Is the Challenge Recruiting Citizens to Volunteer or Making Sure Agencies Are Ready for Volunteers?

By Susan J. Ellis

Right now a lot of national attention is being given to stimulating increased volunteering. The upcoming Presidential Summit for America's Future is focused on this topic, with hundreds of major organizations committing themselves to quantities of community service by the year 2000.

President Clinton has further called for millions of volunteer tutors to assure that no child leaves third grade unable to read. Almost all the publicity about withdrawal of government and other funding for many social service and cultural arts programs concludes with speculation about whether or not citizens will come forward as volunteers to fill the new needs.

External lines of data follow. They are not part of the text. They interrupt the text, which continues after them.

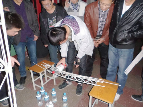 主持人宣布比赛规则及流程:选手需在两张相距80厘米的桌子间搭一纸桥,要求能使装水的矿泉水瓶顺利通过纸桥,并可以承受一定载重(以水瓶数量为测量基准),比赛以三人为一小组,合作完成纸桥的制作和载重测试,每组有三次失败机会,没有尝试;比赛开始,参赛同学各自拿出自己设计的作品,准备一决高下,来自机械103的“文宾桥”体积最大,载重也不负众望,拿到了九瓶水的好成绩。机械107班的“公路铁路两用桥”也不甘落后,以八瓶水的载重居于第二。比赛期间来自测控101的同学为大家现场制作了一座“现场直播桥”,虽然时间仓促,却也成绩斐然,拿到了七瓶水的好成绩;最后,大赛决出了“最佳创意”、“最强结构”和“最佳合作”等合作小组。
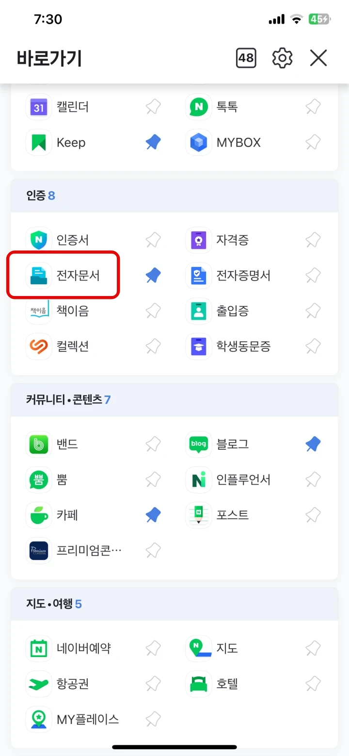 네이버 앱 전자문서 즐겨찾기 바로가기
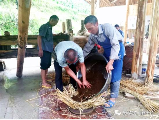炒好的菜籽在碾坊碾碎。古法榨油工藝復雜,磨碎的菜籽必須再經蒸汽熏蒸。用稻草墊底將蒸好的菜籽填入圓形的鐵箍之中,做成胚餅。胚餅裝入榨槽后就可以開榨了。打榨是出油的最后一道程序,近百公斤的撞錘,敲打木楔,反復打榨,一滴滴晶瑩透亮的菜籽油便從榨膛里緩緩流出。經過千錘萬擊出來的菜籽油,油質純正、顏色鮮亮、口感香潤,特別的營養健康。
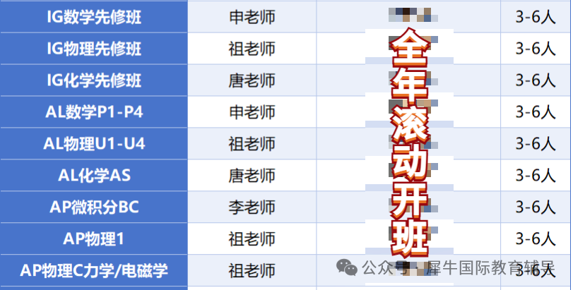 A-Level课程虽然只需要选3-4门,但单科知识深度超过国内高中。南京犀牛A-Level辅导开设A-Level数学、A-Level物理、A-Level化学、A-Level经济、A-Level生物等科目
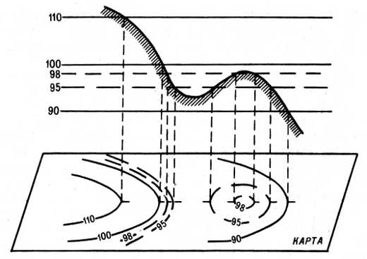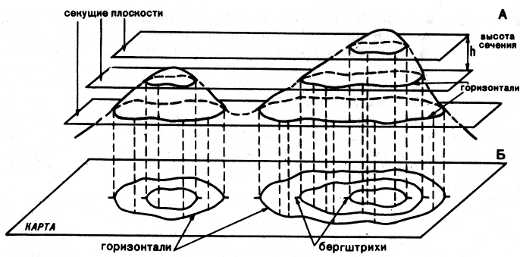 Секущие плоскости строят через равные промежутки по высоте, и полученные линии сечения проектируют отвесными лучами на общую плоскость (карту). Так на карте получают изображение рельефа системой горизонталей в виде замкнутых кривых линий (рис. 30, Б). Очертания горизонталей, очевидно, обусловлены внешним обликом форм рельефа, а их количество на данной карте — наибольшей разностью высот на картографируемой территории.

Here's the problem as I see it:
No one is talking about the cost and extra resources needed to work with volunteers--or whether agencies even want them.

All the publicity and rhetoric is on recruiting people to become volunteers or do "community service." Precious little is ever said about what it will take to interview, screen, place, train, and work with all these new volunteers. While citizen involvement is a vital and important contribution to our society, the equation is not; volunteers instead of money;--we need money AND volunteers.

In this present climate of under-funding, volunteers are in danger of being resented as a second-best solution to serious social problems. All the mentoring in the world cannot make up for lack of decently-paid jobs, schools with adequate supplies, or available health care. On the other hand, when such resources are accessible, volunteers can make the difference between success and failure on the individual level.

We also need money FOR volunteers. As one example, who is going to cover the cost of thousands of child abuse police checks (something President Clinton never mentions when he calls for adults to work with young children)? Taking on more volunteers also means more staff time and resources--and too many agencies aren't able or willing to give either. Those individual citizens who want to help neighbors in need or students who can't read will also require some method of connecting.

Even in the best of economic times, too many agencies limit volunteers to unchallenging roles. We must educate professionals to welcome and respect the skills volunteers can bring. Perhaps the Presidential Summit will give us the opportunity to do the following:

  • Articulate realistic expectations about the interconnected roles of volunteers, employees, government at various levels, businesses, and nonprofit organizations. Volunteers are an integral part of the community resource mix--but all the components need to expand their reach.
  • Do thoughtful planning for volunteer involvement, with a clear vision as to what volunteers can contribute in unique ways--not as unpaid staff assistants, but as providers of service meeting a wide range of client needs.
  • Prepare social workers, teachers, medical care givers and others to adapt their job descriptions in these new times. Volunteers should not be expected to fill in the slack while employees continue business as usual. Every profession must re-examine its priorities. This is a particularly difficult question in unionized work settings.
  • Engage clients in the process of problem solving. The old paternalistic model of charity is discredited. We must be careful not to rush into such activities as mentoring under the assumption that the needs of children in poverty can be solved simply by an adult friend (as powerful a force as that relationship can be). We must learn to listen to what our neighbors think they need. Volunteers can be most effective as facilitators of self-help and advocates to prod the bureaucracy into doing its job. Not every client may want a mentor; not every citizen is best assigned to that role.

Do you agree or disagree with my perspective? What do you feel is lacking from the national discussion?